Reinvestment of USD-denominated redemptions
Yesterday, the Ministry of Finance borrowed almost UAH15bn (US$403m). More than half of the funds were in hard currency. Most likely, many investors reinvested funds from last week's redemption of USD-denominated bills.
The FX-denominated paper brought 56% of all funds raised for the budget yesterday. However, the MoF sold fewer bonds than planned: the cap was set at US$250m while the total amount of demand was US$237m, including US$150m in non-competitive bids. Investors submitted as many as 138 bids with interest rates ranging from 4.3% to 4.8%. As the Ministry accepted all demand, the cut-off rate remained unchanged, and the weighted average decreased by only 3bp to 4.71% compared with the bond placement at the end of June. A slight change in the weighted average rate indicates small competitive demand with low rates.
Three-year notes also provided the state budget with large funds, UAH5bn (US$137m) or 34% of all proceeds. The MoF can include this new issue in the benchmark’s list, and the NBU allowed banks to use it to cover part of the required reserves. The MoF sold this paper at the same interest rate as the previous one—19.75%. Demand was almost unanimous and even exceeded the supply by UAH263m (US$7m).
The rest of the bonds offered at the auction received the usual low demand. Only eight bidders purchased 14-month bills for almost UAH900m (US$25m) at an unchanged rate of 18.3%. At the same time, the Ministry placed even less—UAH540m (US$15m) of 1.5-year military bills—rejected three bids for UAH150m (US$4m), and once again reduced the cut-off rate by 5bp to 18.85% and the weighted average by another 9bp to 18.81%.

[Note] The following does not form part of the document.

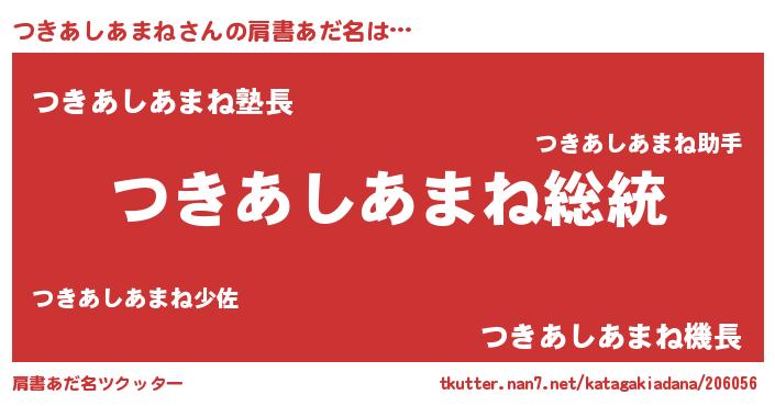 | 意味不明あだ名 | 『自称つきあしあまね』 |

The auction results are generally as expected. Investors reinvested in the primary market over half of the hard currency they received last week. The Ministry of Finance issued new paper that can be added to the "reserve" list, which banks could actively buy prior to a possible reduction in the key policy rate tomorrow. The MoF did not fail to lower the interest rate on 1.5-year instruments even more. Tomorrow's NBU's decisions may influence the next auction, so the new placements' terms may differ.